Peripheral Component Interconnect (PCI), as its name implies is a standard that describes how to connect the peripheral components of a system together in a structured and controlled way. The standard describes the way that the system components are electrically connected and the way that they should behave. This chapter looks at how the Linux kernel initializes the system's PCI buses and devices.

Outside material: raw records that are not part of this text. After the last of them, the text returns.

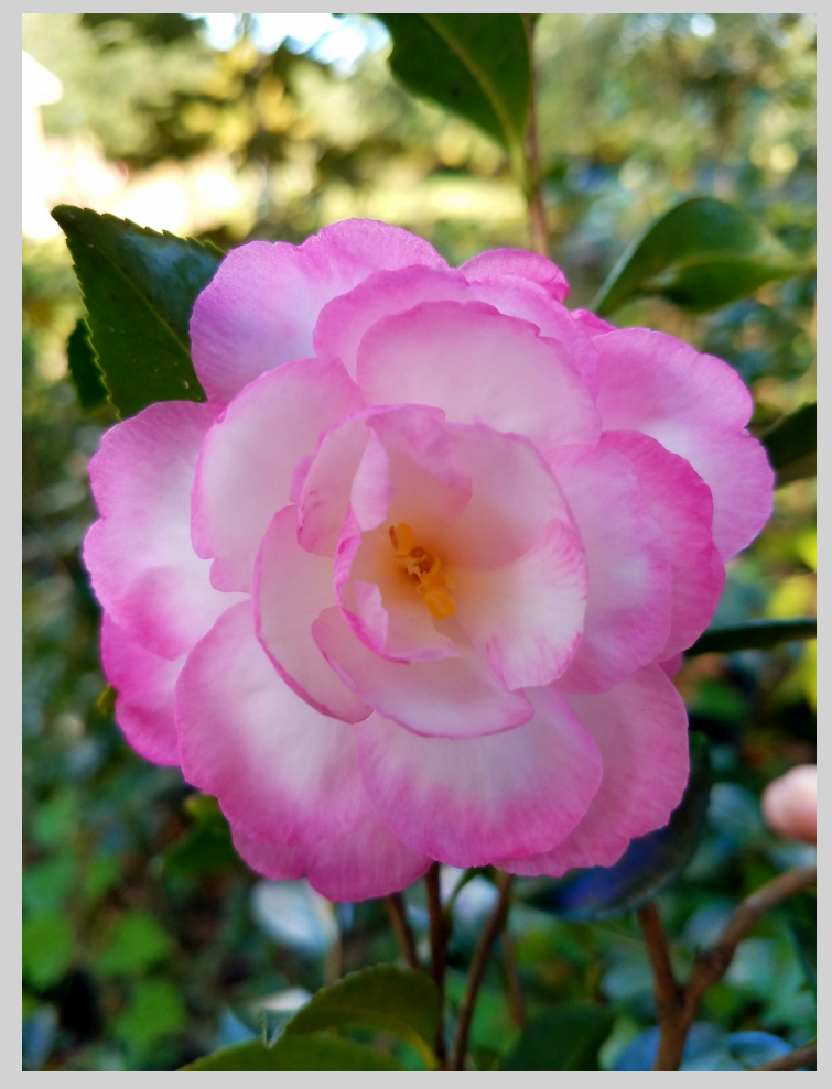
Camellia Leslie Ann

Camellia sasanqua Leslie Ann is known for its abundance of white blooms with pink edges and yellow centers appearing from fall through December. It has dark green glossy foliage and is a great foundation plant due to its dwarf growth.
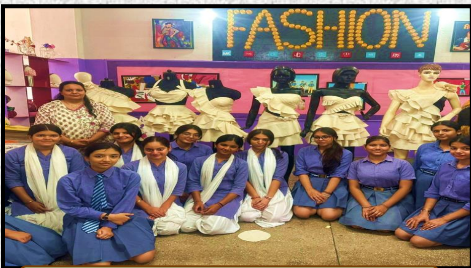
Enlivened participants with their prepared samples

The Fashion Technology Department organised a workshop on 27 th April, 2024, for the students of classes XI and XII. The participants acquired the opportunity to learn about the techniques of fabric draping on a dress form to create garment prototypes under the meticulous assistance of the professionals from Pearl Academy of Fashion, Delhi . The mentors guided the participants at every step. The workshop helped the students to acquire knowledge about types of patterns making, basics of draping and advanced draping.
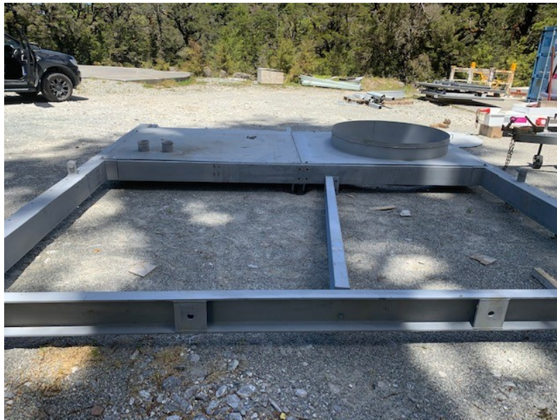
The VCD2 being prepared for installation at the mine site.
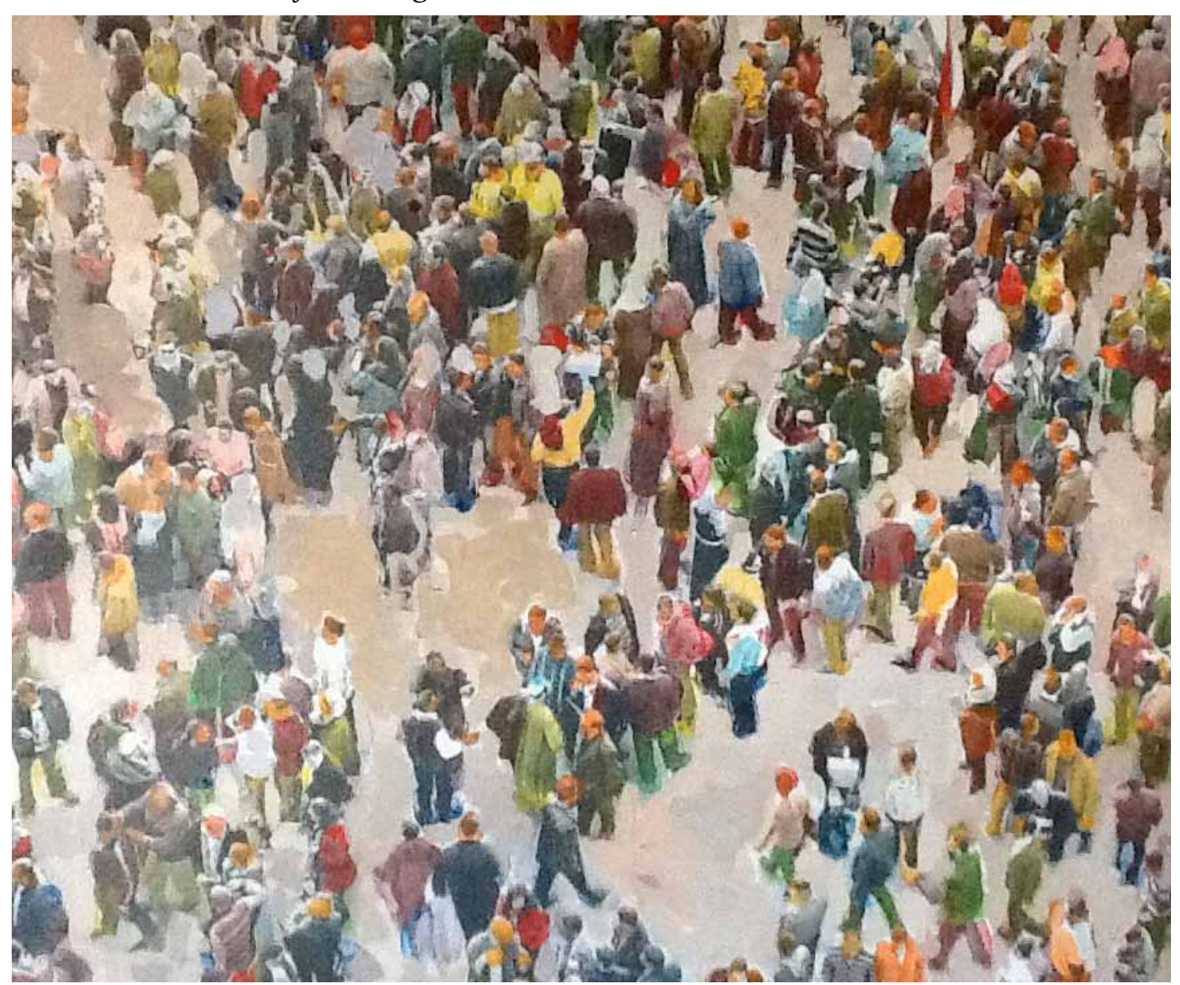
The Crwod, 2012, acrylic on canvas, 120x120cm

By Ati Metwaly First Published in "Majalla" Magazine in 2011
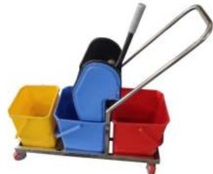
Mop Wringer Trolley Triple Bucket with Stainless Steel Frame
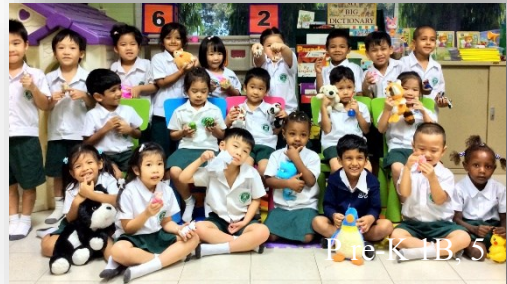
Pre-K 1B, 5
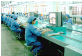
Electronic Product Assembly Line
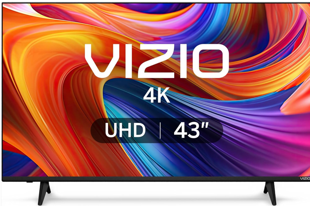
Front view of the VIZIO 43-inch 4K UHD LED Smart TV, showcasing its slim bezel and display.

This manual provides essential information for setting up, operating, and maintaining your VIZIO 43-inch 4K UHD LED Smart TV. Please read these instructions thoroughly before using your television to ensure proper function and safety.

Figure 6.1 is a logical diagram of an example PCI based system. The PCI buses and PCI-PCI bridges are the glue connecting the system components together; the CPU is connected to PCI bus 0, the primary PCI bus as is the video device. A special PCI device, a PCI-PCI bridge connects the primary bus to the secondary PCI bus, PCI bus 1. In the jargon of the PCI specification, PCI bus 1 is described as being downstream of the PCI-PCI bridge and PCI bus 0 is up-stream of the bridge. Connected to the secondary PCI bus are the SCSI and ethernet devices for the system. Physically the bridge, secondary PCI bus and two devices would all be contained on the same combination PCI card. The PCI-ISA bridge in the system supports older, legacy ISA devices and the diagram shows a super I/O controller chip, which controls the keyboard, mouse and floppy. 1
The CPU and the PCI devices need to access memory that is shared between them. This memory is used by device drivers to control the PCI devices and to pass information between them. Typically the shared memory contains control and status registers for the device. These registers are used to control the device and to read its status. For example, the PCI SCSI device driver would read its status register to find out if the SCSI device was ready to write a block of information to the SCSI disk. Or it might write to the control register to start the device running after it has been turned on.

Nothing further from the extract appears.